Experts question Microsoft's decision to retire XP

But others say the company will 'draw a line in the sand' and stop serving the aged OS with patches

Microsoft will "draw a line in the sand" come April 2014 and will stop issuing security updates for Windows XP, security researchers said today, even if millions of customers are still running the aged operating system and a zero-day bug threatens the Windows ecosystem.

Or maybe not. Other experts believe Microsoft will have no choice but to continue supporting XP.

Windows XP, now in its twelfth year, is slated for retirement on April 8, 2014. After that date, the ancient OS will receive no further security updates or bug fixes, except to enterprises that pay for high-priced support contracts.

PCs running XP will not suddenly stop working, of course, but they will be at risk to attacks exploiting vulnerabilities uncovered -- and patched for other editions of Windows -- from that point on.

Michael Cherry, an analyst with Directions on Microsoft, a Kirkland, Wash. research firm that focuses solely on Microsoft, posed a scenario.

"Suppose we get to a date post the end of Extended support, and a security problem with XP suddenly causes massive problems on the Internet, such as a massive [denial-of-service] problem?" asked Cherry. "It is not just harming Windows XP users, it is bringing the entire Internet to its knees. At this time there are still significant numbers of Windows XP in use, and the problem is definitely due to a problem in Windows XP. In this scenario, I believe Microsoft would have to do the right thing and issue a fix ... without regard to where it is in the support lifecycle."

Microsoft has already extended XP's lifespan. In early 2007, Microsoft gave XP a reprieve, adding support time to Windows XP Home and XP Media Center to match the date already set for Windows XP Professional.

By the time Microsoft pulls the XP plug, it will have maintained the OS for 12 years and 5 months, almost two-and-a-half years longer than its usual practice and a year longer than the previous record holder, Windows NT, which was supported for 11 years and 5 months.

Cherry isn't the only one who figures Microsoft will again pardon XP.

"I don't think they'll stand firm on this," said Jason Miller, manager of research and development at VMware. "What if XP turns out to be a huge virus hotbed after support ends? It would be a major blow to Microsoft's security image."

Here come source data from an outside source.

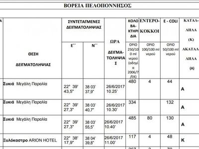 Στη Βο΄ρεια Πελοπόννησο πραγματοποιήθηκαν μικροβιολογικές αναλύσεις σε 36 σημεία. Από αυτά τα 23 κρίθηκαν ακατάλληλα για κολύμβηση ή ανθρώπινη κατανάλωση και τα 13 κατάλληλα.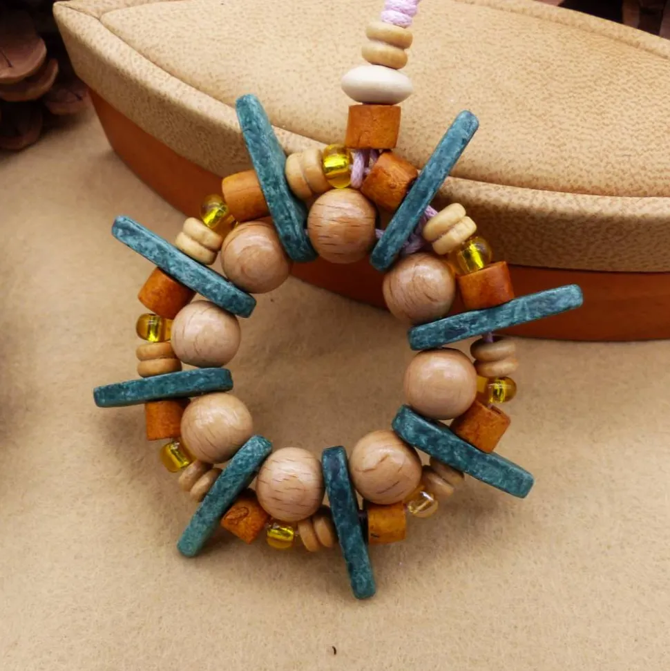 Die Spitzen der Sterne sind griechische Keramikperlen. Die Ringe sind aus Holz und dazwischen kleine Glasperlen.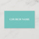 A simple modern minimalist teal and white design with Church Name on front and your Church Name/Pastor's Name/Details in black on back. Professional Church Business Card.
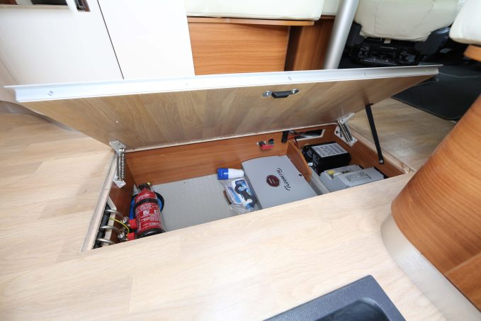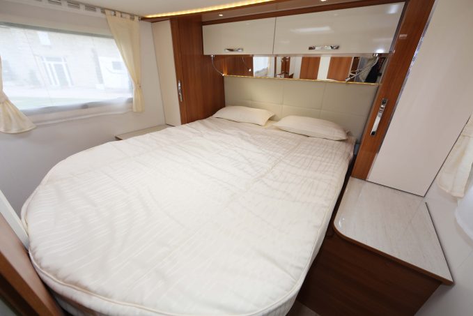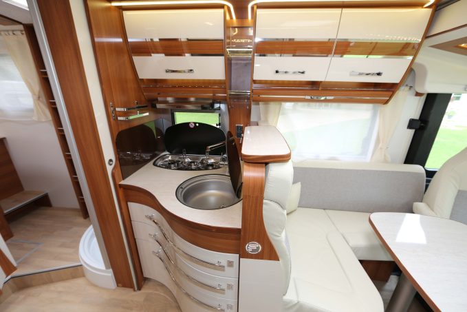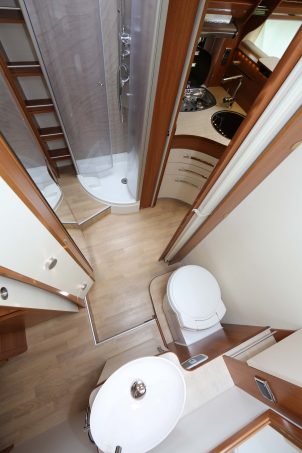 Le cabinet de toilette transversal possède une cloison attenante au pied du lit principal. Il fait face à une cabine de douche spacieuse. La cuisine, très fonctionnelle, dispose de nombreux rangements, d’une hotte aspirante et d’un frigo de 150 litres. Quant au mobilier laqué Poirier, il donne à l’habitacle un design élégant et moderne. Concernant l’équipement de série, il est honorable : régulateur, climatisation cabine, feux diurnes à leds, autoradio intégré. Reste les stores plissés de cabine qui sont hélas en option. Le seul point noir du Discover 74 CTC est sa faible charge utile : 312 kg. Question prix, comptez 82 900 euros pour l’achat de ce camping-car.

In Miller's scenario, like Cherry's, the assumption is that vulnerabilities will continue to be uncovered -- either by legitimate researchers or cyber criminals -- that will affect not only XP, but other, still-supported editions. If hackers roll out successful exploits that hijack XP PCs because a patch was not forthcoming, those machines could, in turn, infect systems powered by newer versions of Windows.

But would Microsoft actually do what Cherry and Miller expect?

Not likely, said several other security experts today.

"I think they have to draw a line in the sand," said John Pescatore of Gartner. "They've supported XP longer than anything else, so they'd be pretty clean from the moral end."

Andrew Storms, director of security operations at nCircle Security, echoed Pescatore. "I don't see them changing their minds on this whatsoever," said Storms. "To do that, and alter their support lifecycle, would remove all credibility. Next, people still running Vista would say, 'They're not going to [end support].' And those people would hold onto Vista forever."

At some point, Pescatore and Storms said, users simply have to upgrade the OS, probably by buying a new PC. XP has had its run, and it's over. And Microsoft won't back down.

"I just don't think they will extend [XP] support again," said Wolfgang Kandek, CTO of Qualys. The case could be made, Kandek noted, that by continuing to supply patches to XP, Microsoft would be working "for the greater good." But he would be surprised if the Redmond, Wash. developer did so.